Question

The r.m.s. the value of an a.c. of 50 Hz is 10A. The time taken by the alternating current in reaching from zero to maximum value and peak value of current will be:
(A) $2 \times 10^{-2}$ s and 14.14 A
(B) $1 \times 10^{-2}$ s and 7.07 A
(C) $5 \times 10^{-3}$ s and 7.07 A
(D) $5 \times 10^{-3}$ s and 14.14 A

Answer 1

In an alternating current supply, the amplitude of the wave is the peak value of the current. The time it takes to reach from zero to peak is the time period divided by 4 as the time period is the time it takes for completion of one cycle (0 to 2$\pi$).
Formula used:
The time period and the frequency of the a.c. current (wave ) are related as:
$f = \dfrac{1}{T}$ .
The r.m.s. value of the current and the peak value of the current are related as:
$I_{rms} = \dfrac{I_0}{\sqrt{2}}$

Complete answer:
We are given that the given a.c. current has a frequency of 50 Hz. The time period of this supply is therefore,
$T = \dfrac{1}{50} = 0.02$ s.
The time period is the time taken for one whole wave/cycle to pass. One whole wave consists of a crest and a trough. One-fourth of this wave can be considered the distance between zero and the first peak. This is depicted below:

The time period also becomes one-fourth. Therefore, the required time to reach the peak, starting from zero is:
$\dfrac{T}{4} = \dfrac{0.02}{4} = 5 \times 10^{-3}$ s.
Now, the peak value of the current can be obtained from the r.m.s. value of the current as:
$I_0 = \sqrt{2} I_{rms} = \sqrt{2} \times 10 = 14.14$ A.

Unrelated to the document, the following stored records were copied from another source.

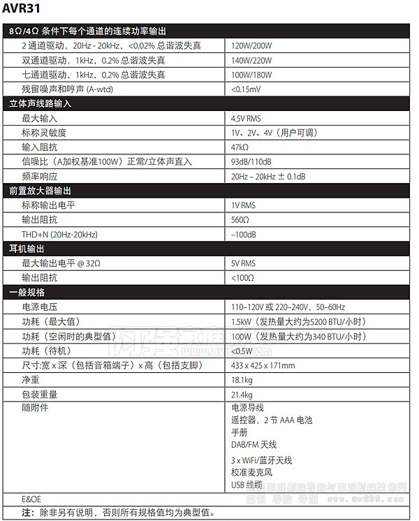 此次我們從基本信息里面得知,合并機型全部采用7聲道放大,主要是放大技術由G類和AB類區分,放大功率也相對應變化。
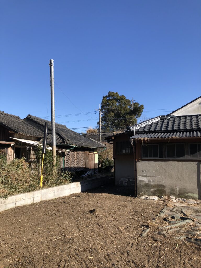 ブロック塀と家の周りは基礎があるのでピンが入っていきません。
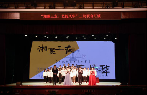 2020年11月28日晚,第一届“湘麓三友,艺韵风采”三院联合汇演在中南大学南校礼堂隆重举行。法学院党委副书记黄曦,文学与新闻传播学院团委书记易孝慈,法学院18、19级辅导员向鑫老师,法学院20级辅导员吴华老师出席了该活动。
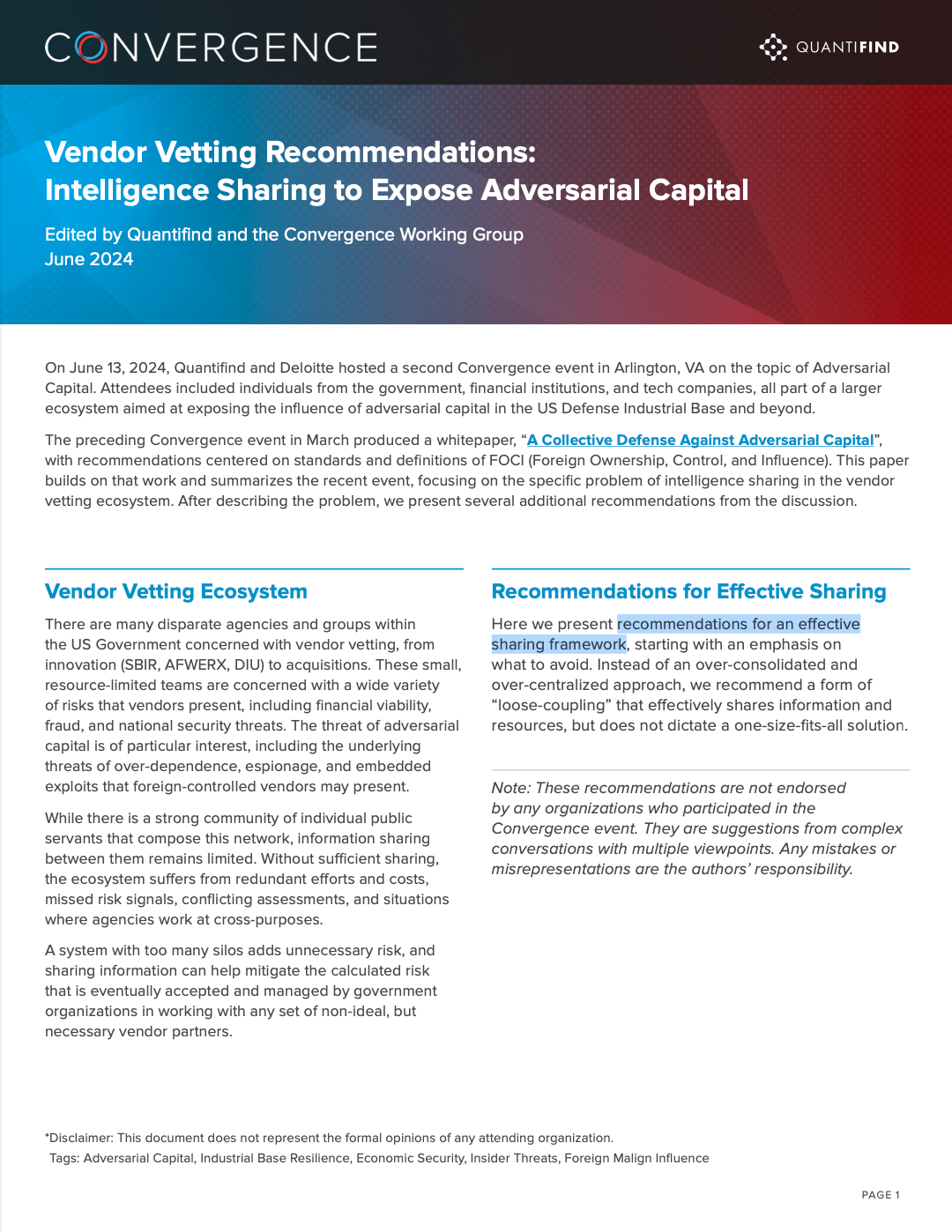 This white paper builds on the discussion and summarizes the recent Convergence for Adversarial Capital event, focusing on the specific problem of intelligence sharing in the vendor vetting ecosystem. After describing the problem, we present several additional recommendations from the discussion.

Therefore, the correct answer is option (D).

Note:
The unit of frequency is Hertz which is also expressed as per second. Keeping this in mind, it becomes simpler to invert the frequency to obtain the time period and obtain the frequency. There is also another term called angular frequency which is used to describe a wave. The unit of angular frequency is in rad/s.